INFORMATION PROVIDED =
Start of Block

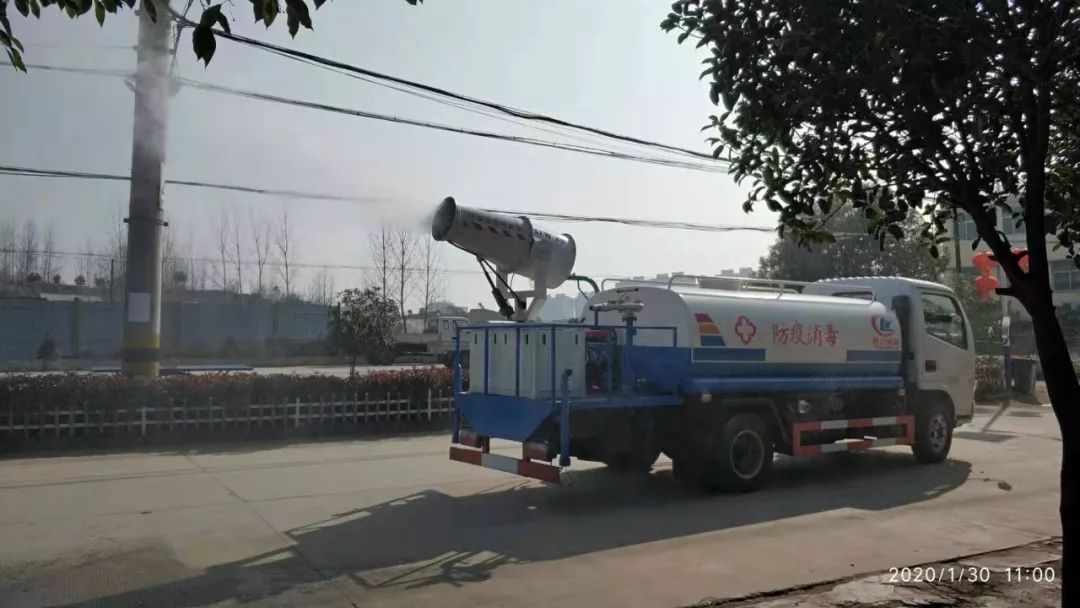 1月30日,南郊办事处全体干部和支援南郊的区直部门强化防控措施,加强宣传力度,分组包户、包重点人,确保宣传无死角、登记管理无遗漏。程力公司支援远程喷雾机对辖区公共场所进行全面消毒杀菌。
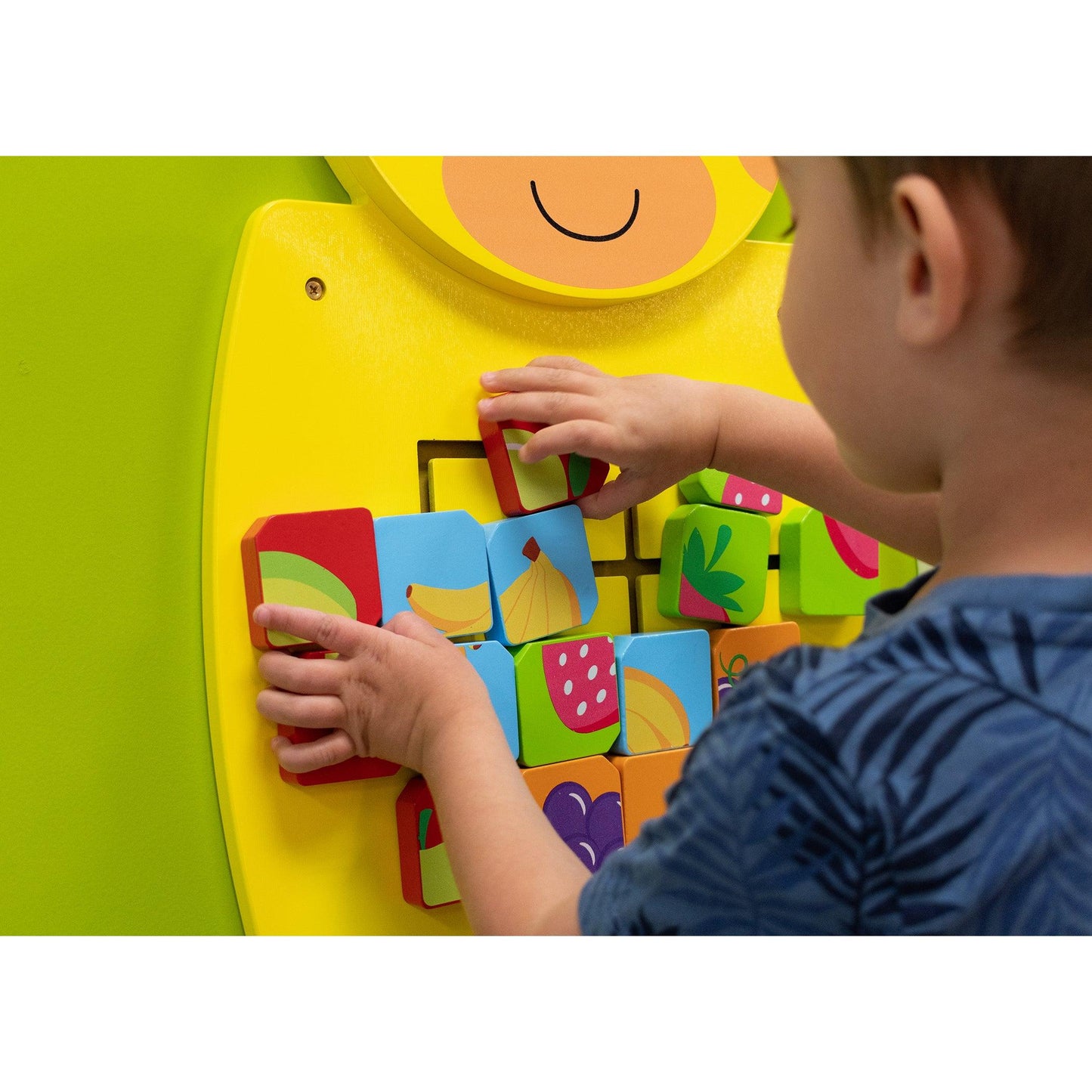 The Giraffe Activity Wall Panel helps develop motor, collaborative play, communication, language and early math skills as children match the fruit puzzle blocks. The wooden panel contains 16 sliding puzzle blocks for children to form images of bananas, grapes, a strawberry and an apple. Use the fruit puzzles to inspire conversations about colors and nutrition. This wall toy is easy to assemble and provides a clutter-free play area. It's perfect decor for daycare centers, waiting rooms, classrooms and more! The activity panel includes fixing holes and screws for attachment. For ages 18m+. Size of panel: 22"L x 15"W.
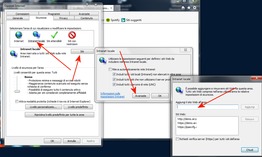 Quando si riceve questo errore, il sito web (attuale) non è stato inserito tra i siti web “Attendibili”. Da Internet Explorer > Opzioni Internet > Intranet Locale > Siti > Avanzate
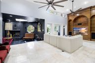 Outdoor kitchenPebble rock saltwater poolGolf course viewsResort-style backyardOpen floor planStately curb appealMultiple seating areas
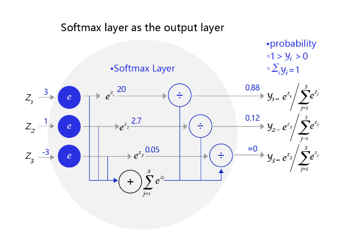 图3 是一个三个标签的分类模型(三分类)使用的softmax输出层,从中可见原始输出的三个数字3、1、-3,经过softmax层后转变成加和为1的三个概率值0.88、0.12、0。
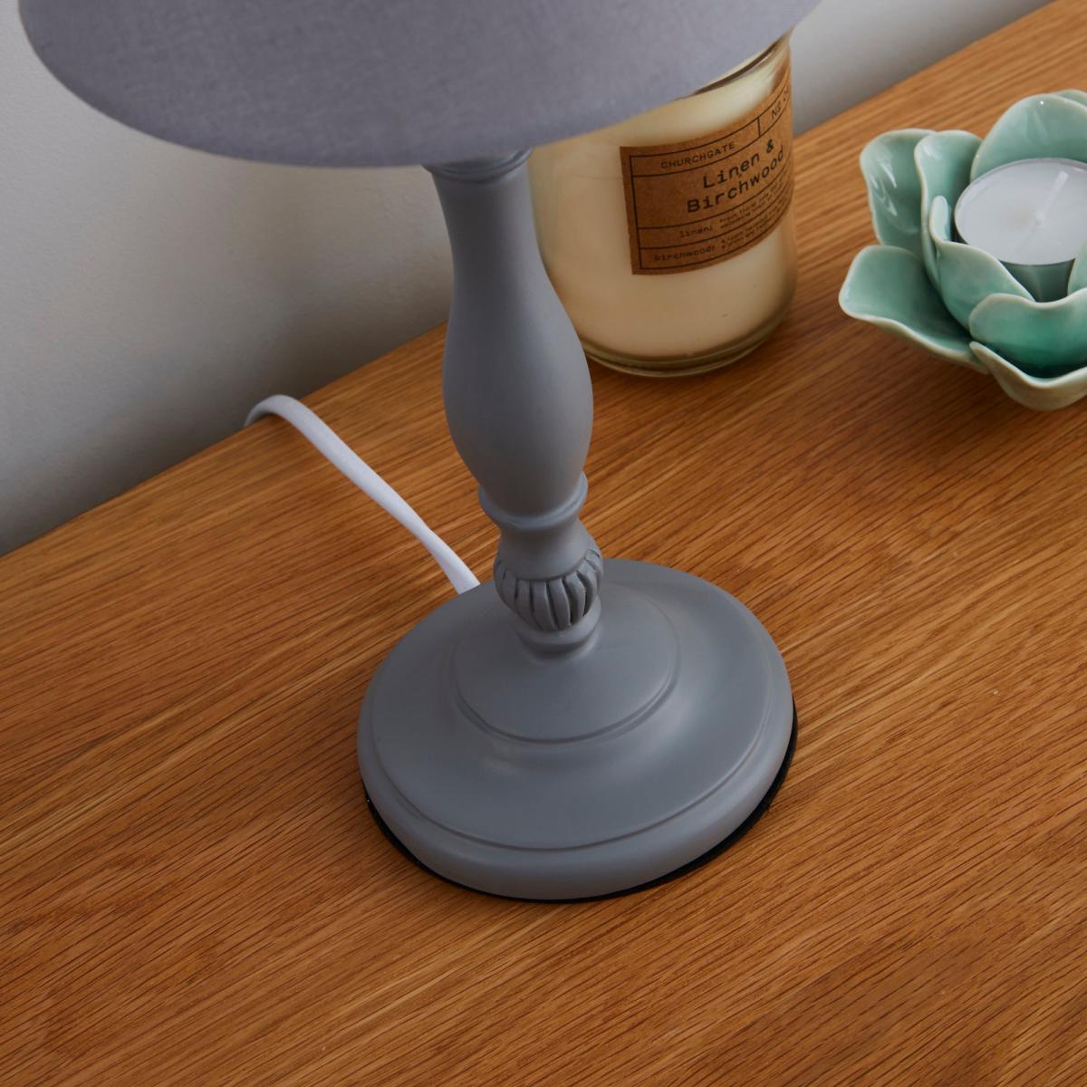 Available in grey this table lamp features a grey fabric shade for matching colourway while its small design means it does not take up alot of space in your home.
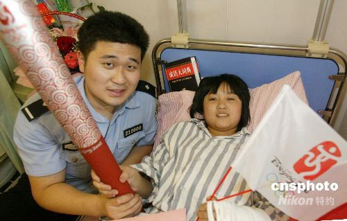 田野,是南京市公安局華僑路派出所的一名民警,也是北京奧運(yùn)會(huì)的火炬手。5月29日,他和他的同事帶著奧運(yùn)火炬來(lái)到江蘇省人民醫(yī)院愛(ài)心病房,看望6位在四川地震中受災(zāi)的孩子,讓他們近距離的看到了“祥云”火炬,并告訴他們?cè)诨鹁鎮(zhèn)鬟f中大家對(duì)災(zāi)區(qū)的祝愿。中新社發(fā) 吳俊 攝

End of Block

Return only the lines that start at the line containing "Outdoor kitchenPebble rock" and finish at the last line of the entries, exactly as written and without pictures.

 Outdoor kitchenPebble rock saltwater poolGolf course viewsResort-style backyardOpen floor planStately curb appealMultiple seating areas
 图3 是一个三个标签的分类模型(三分类)使用的softmax输出层,从中可见原始输出的三个数字3、1、-3,经过softmax层后转变成加和为1的三个概率值0.88、0.12、0。
 Available in grey this table lamp features a grey fabric shade for matching colourway while its small design means it does not take up alot of space in your home.
 田野,是南京市公安局華僑路派出所的一名民警,也是北京奧運(yùn)會(huì)的火炬手。5月29日,他和他的同事帶著奧運(yùn)火炬來(lái)到江蘇省人民醫(yī)院愛(ài)心病房,看望6位在四川地震中受災(zāi)的孩子,讓他們近距離的看到了“祥云”火炬,并告訴他們?cè)诨鹁鎮(zhèn)鬟f中大家對(duì)災(zāi)區(qū)的祝愿。中新社發(fā) 吳俊 攝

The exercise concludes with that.